Yes, Ellsworth Kelly! It’s masterful how he creates such resonance and emotion with so few means: using large, solid cut-outs in two colours and very simple shapes. I could look at his paintings endlessly; it becomes almost meditative. I would give anything for a Kelly! I love everything he’s done, even photographs of him on the rooftops of New York with his friends in the 1950s. His plant drawings are absolutely sublime. I would also love to acquire an ancient bronze or marble one day, but those are so rare and beyond my financial means.
The Proust Questionnaire
My favorite virtue
Rectitude.
The quality I prefer in a man
His sensual intelligence.
The quality I prefer in a woman
Her femininity. Her own one…
What I most value in my friends
Their loyalty, their steadfastness, their demanding character, their comprehensiveness.
My main default
Impatience.
My favorite occupation
Drawing.
My dream of happiness
Living an eternal summer, bare foot!
What would be my greatest misfortune
Not to love and not to be loved.
What I would like to be
For a long time, I wanted to be different, a complete other self. Less so now.

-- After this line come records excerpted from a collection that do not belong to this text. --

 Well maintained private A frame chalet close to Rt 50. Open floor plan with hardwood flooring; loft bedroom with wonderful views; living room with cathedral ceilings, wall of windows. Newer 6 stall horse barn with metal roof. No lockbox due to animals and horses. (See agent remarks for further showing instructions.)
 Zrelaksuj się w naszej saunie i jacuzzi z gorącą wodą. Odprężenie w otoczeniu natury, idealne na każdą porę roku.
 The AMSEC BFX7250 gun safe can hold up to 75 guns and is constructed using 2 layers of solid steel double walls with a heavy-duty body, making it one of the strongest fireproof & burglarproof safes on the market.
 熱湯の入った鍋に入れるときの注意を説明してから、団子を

The country I would like to live in
A Mediterranean island. Like a miniature country of which we know the edges, the shores. Or: “If Paris was by the seaside…”
My favorite color
Black, if black is a color. Everything is more beautiful, stronger, more defined in black or in front of a black background, like on a theatre stage… Otherwise a kind of sky blue. For long I was afraid of using color: drawings, lines, forms were rather my playground. My first collections were almost monochrome, and even now, when it comes to paintings, monochromes ones are the most appealing to me.
My favorite flower
Irises, dahlias, tulips, peonies – for their beautifully painterly shapes – and others for their fragrance: lily of the valley, carnation, everlasting, jasmine, lilac…
My favorite bird
None, they scare me a little.
My favorite poets
I prefer prose, which can be very poetic. I think I don’t “know” how to read poetry. I like theatre in verses. I also love Japanese haikus. They are like extracts, in the sense of “essence”, quintessential poetry, synthesis of an acute perception, even universal, shortened in a few words. What fascinates me most with poetry is how, despite the rules of the game, imposed forms (rimes, number of feet of poetry, number of verses…), authors still manage to express themselves with such intimacy.

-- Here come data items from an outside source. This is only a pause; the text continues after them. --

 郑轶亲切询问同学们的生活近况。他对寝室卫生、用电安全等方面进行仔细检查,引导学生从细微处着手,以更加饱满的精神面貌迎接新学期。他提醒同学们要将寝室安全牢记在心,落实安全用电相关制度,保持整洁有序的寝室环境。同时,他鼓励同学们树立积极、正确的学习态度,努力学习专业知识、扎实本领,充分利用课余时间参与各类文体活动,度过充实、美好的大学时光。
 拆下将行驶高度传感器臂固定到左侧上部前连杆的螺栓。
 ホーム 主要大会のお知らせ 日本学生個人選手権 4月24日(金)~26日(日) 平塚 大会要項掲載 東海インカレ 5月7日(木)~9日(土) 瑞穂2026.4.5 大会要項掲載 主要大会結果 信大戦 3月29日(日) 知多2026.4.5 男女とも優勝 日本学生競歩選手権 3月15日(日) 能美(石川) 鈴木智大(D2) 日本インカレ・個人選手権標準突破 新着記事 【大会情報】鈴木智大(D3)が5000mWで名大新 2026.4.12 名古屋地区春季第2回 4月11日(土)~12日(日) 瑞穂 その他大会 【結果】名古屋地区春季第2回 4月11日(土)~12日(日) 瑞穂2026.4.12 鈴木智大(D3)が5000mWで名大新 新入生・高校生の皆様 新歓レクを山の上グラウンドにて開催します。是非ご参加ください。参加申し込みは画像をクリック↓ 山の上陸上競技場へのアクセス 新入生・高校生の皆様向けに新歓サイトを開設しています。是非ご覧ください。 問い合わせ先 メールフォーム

My heroes in fiction / heroines in fiction:
Superman, Barbarella? The “heroes of the future” of the past? Drawn heroes and heroines.
My favorite composers
J.S. Bach, F. Chopin, A.Vivaldi, S. Barber, P. Glass, K. Jarrett, B. Eno.
My favorite painters
J. Vermeer, Le Caravage, D. Hockney, A. Warhol, S. Lewitt, E. Kelly, F. Stella, G. Richter, J. Nares, B. Lavier, B. Frize, S. Toor... And sculptors: A. Bourdelle, A. Giacometti, A. Gormley, H. Moore, J. Shapiro, L. Nevelson, D. Judd, D. Altmejd, N. Dilworth, E. Wurm, T. Cragg, R. Whiteread, U. Rondinone…
My heroes in real life
See previous list, and hundreds of others... And Merce Cunningham, William Forsythe, and P.P. Pasolini, L. Visconti, and J.L. Godard, F. Truffaut, P. Chéreau…
My heroines in history
A very recent History still, that some would like to erase, the women who fought for all other the women: S. Veil, G. Halimi, who built and imposed the modern woman.
What I hate most of all
Cynicism, sarcasm, contempt, condescension… Games too; all games, of all sorts.

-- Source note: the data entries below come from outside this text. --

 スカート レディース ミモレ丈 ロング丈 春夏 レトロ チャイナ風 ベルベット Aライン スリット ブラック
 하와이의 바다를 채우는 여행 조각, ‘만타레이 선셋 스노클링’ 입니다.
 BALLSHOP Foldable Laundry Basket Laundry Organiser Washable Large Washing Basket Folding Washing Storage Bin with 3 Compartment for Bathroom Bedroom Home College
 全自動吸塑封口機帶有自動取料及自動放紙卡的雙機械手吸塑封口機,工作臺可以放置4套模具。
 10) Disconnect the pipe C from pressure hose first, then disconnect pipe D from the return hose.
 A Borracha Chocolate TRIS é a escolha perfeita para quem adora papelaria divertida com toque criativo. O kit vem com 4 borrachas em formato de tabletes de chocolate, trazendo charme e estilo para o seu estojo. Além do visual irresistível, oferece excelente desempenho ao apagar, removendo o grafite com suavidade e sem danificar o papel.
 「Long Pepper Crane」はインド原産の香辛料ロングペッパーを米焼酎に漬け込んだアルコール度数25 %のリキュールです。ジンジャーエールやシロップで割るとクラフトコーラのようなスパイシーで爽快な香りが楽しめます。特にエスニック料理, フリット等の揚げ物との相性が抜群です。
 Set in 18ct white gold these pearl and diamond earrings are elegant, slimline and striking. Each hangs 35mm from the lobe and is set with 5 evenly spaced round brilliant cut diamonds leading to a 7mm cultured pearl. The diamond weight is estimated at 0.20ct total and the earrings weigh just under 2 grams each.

The gift of nature that I would like to have
Ubiquity, being here and elsewhere. Or the power of becoming invisible. Or being a Singer, with a capital letter! Knowing how to sit behind a piano and being able to play everything, Bach, jazz, easy songs.
How I would like to die
When time comes, “quickly and by surprise”, without knowing it, and surrounded by the ones I love. But I am in no hurry!
Current state of mind
Fully happy, and fundamentally worried.
Faults that I find most forgiving
Spelling mistakes? But there is a moral meaning in the word “fault” that I dislike. Moreover, what was a fault yesterday is not a fault today, and what can be a fault today might not be a fault tomorrow.
My motto
I don’t have any: having a motto is like a prison. It forces one to stick to it. Prevents from “circulating.”
My favorite designers
E. Sottsass, C. Boeri, G. Ponti, V. De Cotiis, I. Nogushi, I. Kuramata.